Given two strings s1 and s2, return the lowest ASCII sum of deleted characters to make two strings equal.

 

Example 1:

Input: s1 = "sea", s2 = "eat"
Output: 231
Explanation: Deleting "s" from "sea" adds the ASCII value of "s" (115) to the sum.
Deleting "t" from "eat" adds 116 to the sum.
At the end, both strings are equal, and 115 + 116 = 231 is the minimum sum possible to achieve this.

Example 2:

Input: s1 = "delete", s2 = "leet"
Output: 403
Explanation: Deleting "dee" from "delete" to turn the string into "let",
adds 100[d] + 101[e] + 101[e] to the sum.
Deleting "e" from "leet" adds 101[e] to the sum.
At the end, both strings are equal to "let", and the answer is 100+101+101+101 = 403.
If instead we turned both strings into "lee" or "eet", we would get answers of 433 or 417, which are higher.

 

Constraints:

  • 1 <= s1.length, s2.length <= 1000
  • s1 and s2 consist of lowercase English letters.

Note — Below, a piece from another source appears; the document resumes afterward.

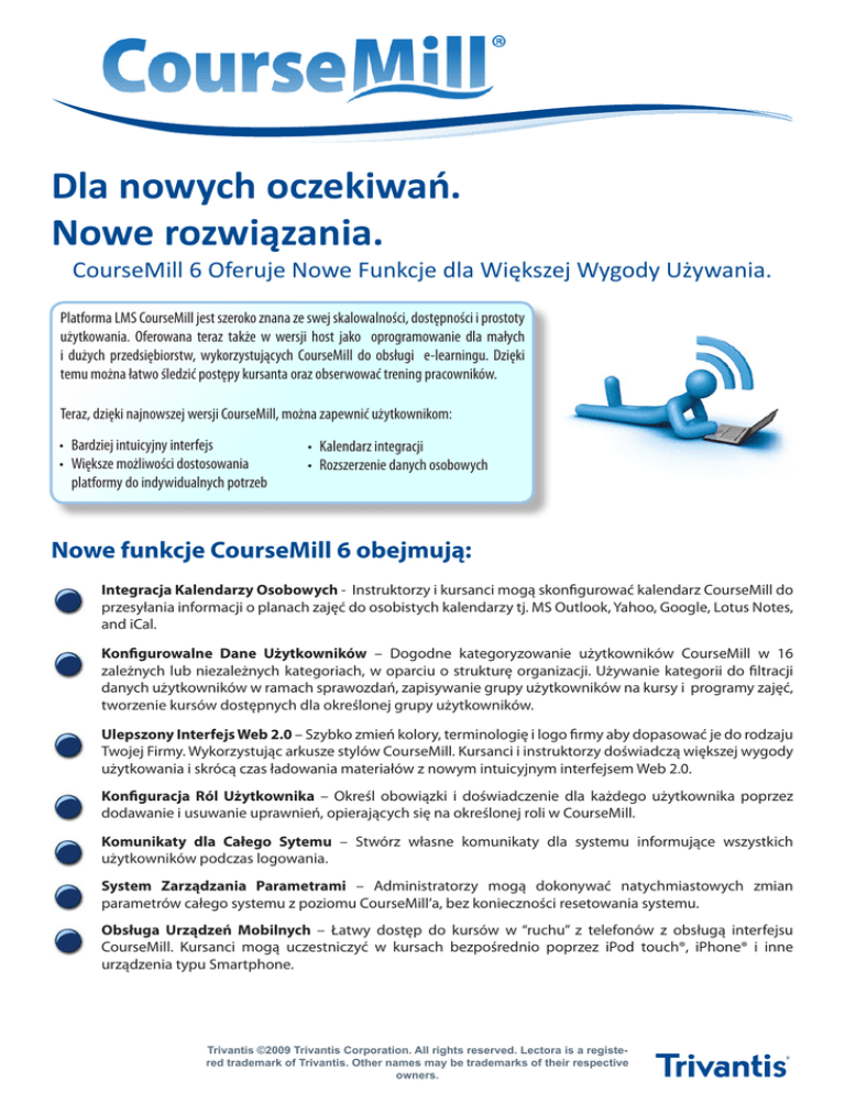 Dla nowych oczekiwań. Nowe rozwiązania. CourseMill 6 Oferuje Nowe Funkcje dla Większej Wygody Używania. Platforma LMS CourseMill jest szeroko znana ze swej skalowalności, dostępności i prostoty użytkowania. Oferowana teraz także w wersji host jako oprogramowanie dla małych i dużych przedsiębiorstw, wykorzystujących CourseMill do obsługi e-learningu. Dzięki temu można łatwo śledzić postępy kursanta oraz obserwować trening pracowników. Teraz, dzięki najnowszej wersji CourseMill, można zapewnić użytkownikom: • Bardziej intuicyjny interfejs • Większe możliwości dostosowania platformy do indywidualnych potrzeb • Kalendarz integracji • Rozszerzenie danych osobowych Nowe funkcje CourseMill 6 obejmują: Integracja Kalendarzy Osobowych - Instruktorzy i kursanci mogą skonfigurować kalendarz CourseMill do przesyłania informacji o planach zajęć do osobistych kalendarzy tj. MS Outlook, Yahoo, Google, Lotus Notes, and iCal. Konfigurowalne Dane Użytkowników – Dogodne kategoryzowanie użytkowników CourseMill w 16 zależnych lub niezależnych kategoriach, w oparciu o strukturę organizacji. Używanie kategorii do filtracji danych użytkowników w ramach sprawozdań, zapisywanie grupy użytkowników na kursy i programy zajęć, tworzenie kursów dostępnych dla określonej grupy użytkowników. Ulepszony Interfejs Web 2.0 – Szybko zmień kolory, terminologię i logo firmy aby dopasować je do rodzaju Twojej Firmy. Wykorzystując arkusze stylów CourseMill. Kursanci i instruktorzy doświadczą większej wygody użytkowania i skrócą czas ładowania materiałów z nowym intuicyjnym interfejsem Web 2.0. Konfiguracja Ról Użytkownika – Określ obowiązki i doświadczenie dla każdego użytkownika poprzez dodawanie i usuwanie uprawnień, opierających się na określonej roli w CourseMill. Komunikaty dla Całego Sytemu – Stwórz własne komunikaty dla systemu informujące wszystkich użytkowników podczas logowania. System Zarządzania Parametrami – Administratorzy mogą dokonywać natychmiastowych zmian parametrów całego systemu z poziomu CourseMill’a, bez konieczności resetowania systemu. Obsługa Urządzeń Mobilnych – Łatwy dostęp do kursów w “ruchu” z telefonów z obsługą interfejsu CourseMill. Kursanci mogą uczestniczyć w kursach bezpośrednio poprzez iPod touch®, iPhone® i inne urządzenia typu Smartphone. Trivantis ©2009 Trivantis Corporation. All rights reserved. Lectora is a registered trademark of Trivantis. Other names may be trademarks of their respective owners. Automatyczna Archiwizacja Danych – Zaoszczędź czas, poprzez drukowanie sprawozdań tylko na podstawie najnowszych danych. Starsze wpisy są automatycznie archiwizowane, co przyśpiesza generowanie sprawozdań. Zawiadomienia o Sesjach – Łatwo załączaj informacje na temat sesji tj. notatki z sesji i dni spotkań, w dostarczanych automatycznie zawiadomieniach o kursie. Wysyłanie Ważnych Zawiadomień – Dostarczaj kursantom koniecznych informacji poprzez ponowne wysłanie wiadomości na temat zapisania się na kurs oraz informacji o jego zakończeniu. Wyszukiwarka Metadanych – Kursanci mogą teraz szybciej i łatwiej wyszukiwać kursy poprzez wykorzystanie popularnych słów i wyrażeń kluczowych (wymogiem jest, aby kurs zawierał metadane). Monitorowanie i Zatwierdzanie Forum Dyskusyjnego - Dla zwiększenia bezpieczeństwa, administratorzy i sprawozdawcy mogą kontrolować zawartość forum dyskusyjnego, poprzez zatwierdzanie wiadomości, zanim zostaną zamieszczone na forum. Rozszerzone Karty Sprawozdań – Karty sprawozdań zawierają teraz bonusowe godziny dostępu uzyskane, dzięki pomyślnemu zakończeniu każdego kursu. Ulepszona Rejestracja Dużej Ilości Użytkowników – Oszczędza czas i wysiłek poprzez wykorzystanie dodatkowych informacji o użytkowniku, przy wielokrotnej rejestracji tj.: adres zamieszkania, numer telefonu, sklasyfikowane podorganizacje, przypisanie sprawozdawcy, specyfikacje rejestracji kursu oraz wynik ukończenia kursu. Rozszerzone Szybkie Wyszukiwanie – Użytkownik znajdzie szybko dowolny element poprzez filtrowanie kursów, programu zajęć i listę użytkowników - wykorzystując różne warianty wyszukiwania. Pomoc Online – Poszukaj odpowiedzi na pytania dotyczące CourseMill przy pomocy narzędzia pomocy online. Kliknij na przycisk Pomocy, który umożliwi dostęp do kontekstowych informacji, pozwalających poznać zalety i funkcjonalności CourseMill’a. Wstępne Wymagania Programu Zajęć – Dodaje warunki dostępu do program zajęć, które wymagają od kursanta przystąpienia do określonych kursów przed przystąpieniem do nowych programów nauczania. W celu uzyskania szczegółowych informacji skontaktuj się tel. 667 117 026 fax. (63) 219 11 90 http://www.lectora.pl Trivantis ©2009 Trivantis Corporation. All rights reserved. Lectora is a registered trademark of Trivantis. Other names may be trademarks of their respective owners.

Minimum ASCII Delete Sum for Two Strings

This problem asks to find the minimum ASCII sum of deleted characters to make two strings equal. We can solve this using dynamic programming.

Approach

Let s1 and s2 be the two input strings. We can build a 2D DP table dp where dp[i][j] represents the minimum ASCII sum to make s1[0...i-1] and s2[0...j-1] equal.

  • Base Cases:

    • dp[i][0] (for i > 0): The minimum sum to make s1[0...i-1] equal to an empty string is the sum of ASCII values of characters in s1[0...i-1].
    • dp[0][j] (for j > 0): Similarly, the minimum sum to make an empty string equal to s2[0...j-1] is the sum of ASCII values of characters in s2[0...j-1].
    • dp[0][0] = 0

  • Recursive Relation:

    • If s1[i-1] == s2[j-1], it means these characters are already equal, so we don't need to delete them. dp[i][j] = dp[i-1][j-1].
    • If s1[i-1] != s2[j-1], we have two choices:
      • Delete s1[i-1]: dp[i][j] = dp[i-1][j] + ASCII(s1[i-1])
      • Delete s2[j-1]: dp[i][j] = dp[i][j-1] + ASCII(s2[j-1]) We choose the minimum of these two options.

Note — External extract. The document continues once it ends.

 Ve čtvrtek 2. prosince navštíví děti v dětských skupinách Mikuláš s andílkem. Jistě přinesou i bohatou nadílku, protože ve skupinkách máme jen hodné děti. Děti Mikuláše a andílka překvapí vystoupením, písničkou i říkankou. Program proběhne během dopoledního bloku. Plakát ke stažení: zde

  • Result: The final answer is dp[m][n], where m and n are the lengths of s1 and s2 respectively.

Time and Space Complexity

  • Time Complexity: O(m*n), where m and n are the lengths of the two strings. This is because we iterate through the entire DP table.
  • Space Complexity: O(m*n) to store the DP table. We could potentially optimize this to O(min(m,n)) by using only two rows of the DP table, but for clarity, the provided solutions use the full table.

Code Implementation (Python)

def minimumDeleteSum(s1: str, s2: str) -> int:
    m, n = len(s1), len(s2)
    dp = [[0] * (n + 1) for _ in range(m + 1)]
 
    # Base cases
    for i in range(1, m + 1):
        dp[i][0] = dp[i - 1][0] + ord(s1[i - 1])
    for j in range(1, n + 1):
        dp[0][j] = dp[0][j - 1] + ord(s2[j - 1])
 
    # Recursive relation
    for i in range(1, m + 1):
        for j in range(1, n + 1):
            if s1[i - 1] == s2[j - 1]:
                dp[i][j] = dp[i - 1][j - 1]
            else:
                dp[i][j] = min(dp[i - 1][j] + ord(s1[i - 1]), dp[i][j - 1] + ord(s2[j - 1]))
 
    return dp[m][n]

The code implementations in other languages (Java, C++, Go, TypeScript, Javascript) follow the same algorithm and logic, differing only in syntax and data structure specifics. They all have the same time and space complexity.